An example of an explicit Connectivity group is a triangular surface. Here the `Connectivity' group contains an group entry named `Points' (ie. Representation group) to denote the reference to the `Points' Topology.

Connectivity
  |
  |===> Neighbourhood  optional neighbourhood information of the triangles
  |                       
  |--> Points/  information defining eg. which points make up each triangle
  |
[...]

The Positions dataset of the Points Representation is the actual storage place for the triangle vertex indices. Note that not coordinate locations for each triangle are stored, but point indices. The physical coordinates of each point are contained in the Points Topology, in the representation of the various coordinate systems.

A direct Representation of `Connectivity' Topology in cartesian coordinate is doable, too, by just introducing a chart representation there.

The inverse mapping, ie. which triangles are connected to the same point, can be computed from the Connectivity/Points/ Representation. The appropriate storage place for this mapping is the Points/Connectivity/ Representation.

Arbitrary (user-defined) Topology subgroups

Any number of additional topology subgroups may be defined on a grid (with the exception of the reserved names). Each Topology has an integer attribute "index depth" which tells how many times the elements of the Topology have to be dereferenced until the base space is reached. Point Topologies, which directly refer to locations in the base space, get an index depth of 0, Cell Topologies like the Connectivity, get an index depth of 1, aggregate Topologies of Cell Topolies get an index depth of 2 and so on.

An application of multiple Point Topologies on the same grid are vertex-centered AMR data. Cell-centered AMR data would be stored in multiple Cell Topologies.

Extensions and Restrictions

• Neighbourhood is a reserved (optional) name for a dataset specifying the neighbourhood information of the base elements. It maps each element to a set of elements.
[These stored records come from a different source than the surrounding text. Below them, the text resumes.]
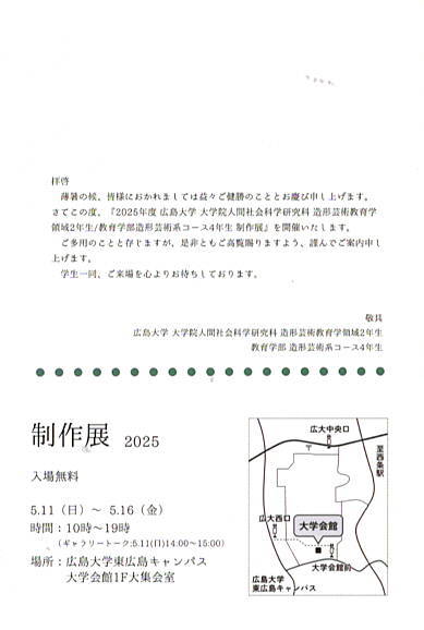 彫刻ゼミからは,丸川さん,アカインさん,の2名が出品しています。昨年10月から取り組んできた2人の力作を,ぜひ会場でご覧ください。
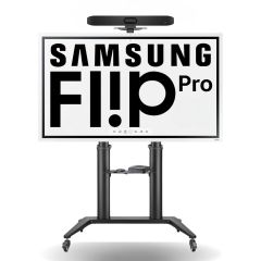 Kit Video Conference met smart board Yealink MeetingBoard 65 of 86 inch. Videoconferenties mogelijk draadloos vanaf elk platform met de dongle. Rolstandaard inbegrepen.
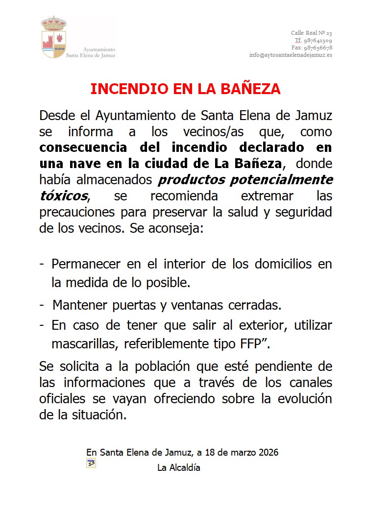 Se expone, para conocimiento de la población, las recomendaciones a seguir tras el incendio en la nave situada en La Bañeza
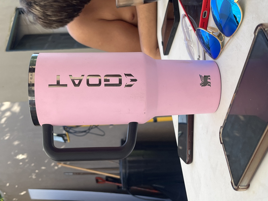 - "A pink Stanley mug, emblazoned with "GOAT" in stylized lettering, sits amidst various items on a white table" by FM-vIRwr1, licensed under CC BY 4.0
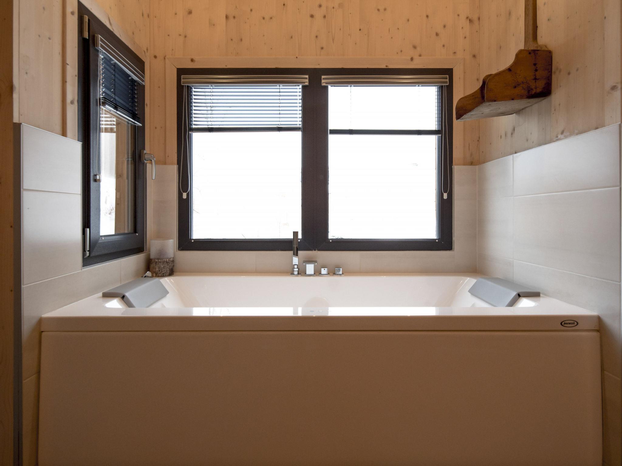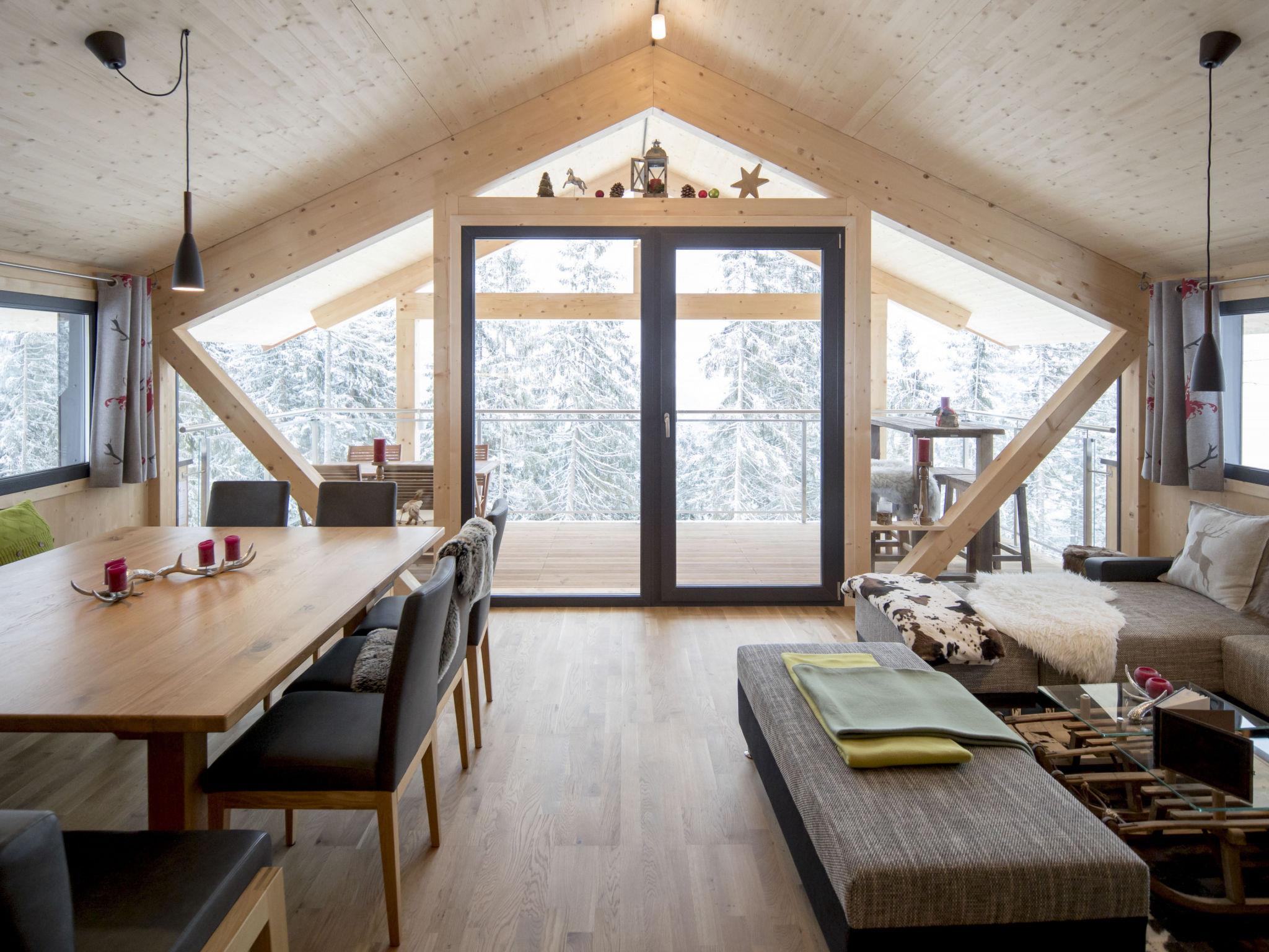 "Superior 10 Sauna u.Sprudelwanne innen", 5-room chalet 120 m2. Comfortable and tasteful furnishings: living/dining room with dining nook and satellite TV (flat screen). 3 double bedrooms. 1 room with 2 x 2 bunk beds. Open kitchen (oven, dishwasher, 4 ceramic glass hob hotplates, toaster, kettle, microwave, electric coffee machine). Bath/WC, 2 showers/WC, 3 sep. WC's, hydro massage bath, Sauna. Balcony terrace. Terrace furniture. Very beautiful view of the mountains. Facilities: hair dryer. Internet (WiFi, free). Please note: non-smokers only.
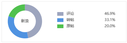 关于#在丽江乞讨成网红#一事的讨论,20%的网友通过新浪微博发布原帖直接表达个人观点;33.1%的网友进行了转帖,进一步扩大了传播范围;评论占比46.9%,网友们各抒已见。
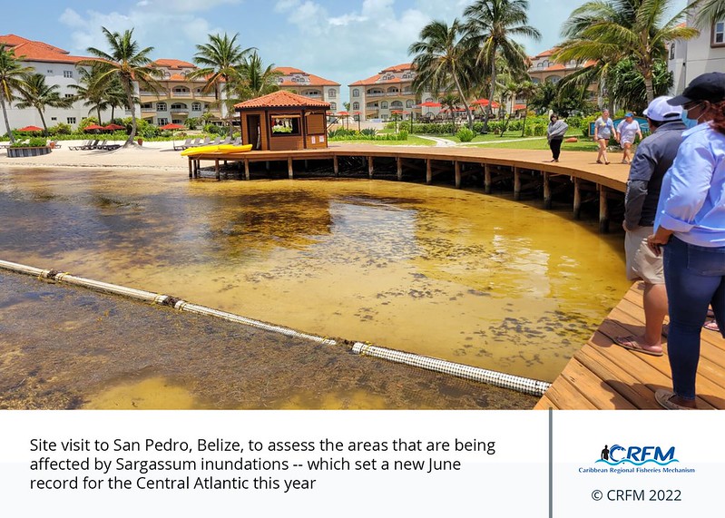 From there, the mission traveled to Belize, where the representatives of the CRFM and PFR met from June 21-26, 2022, with officials of government ministries responsible for Tourism, Agriculture, and Blue Economy, as well as CARDI, the University of Belize, and members of the private sector. While in Belize, the CRFM and PFR mission also traveled to the island of San Pedro for a site visit, to assess the areas that are being affected by Sargassum.
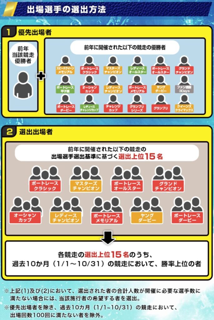 - 【優先出場者】前年の9つのSG競走(クラシック・オールスター・グランドチャンピオン・オーシャンカップ・メモリアル・ダービー・チャレンジカップ・グランプリ・グランプリシリーズ)優勝者

• All dataset in the Topology group hierarchy must share the same dataspace, ie. be of (formally) the same size.

• If a dataset is found in a Point Topology which is not in a Representation subgroup, it is treated as beeing containd in the Representation of the `Standard Cartesian Chart 3D'.

• Scalar fields which are identical for all representations can be put in any group, and referred to by any other representation through symbolic links. It is not adviced to put scalar fields directly into the Topology group, each field has to be put into some representation subgroup. The only exception is the Neighbourhood information.

• Via use of the "Reference" symbolic link in each Representation group, the name of the Representation group is not of ultimative importance. Other names may be chosen, eg. to represent some Connectivity in different Point Topologies (if that is possible and makes sense). However, this should be avoided if possible.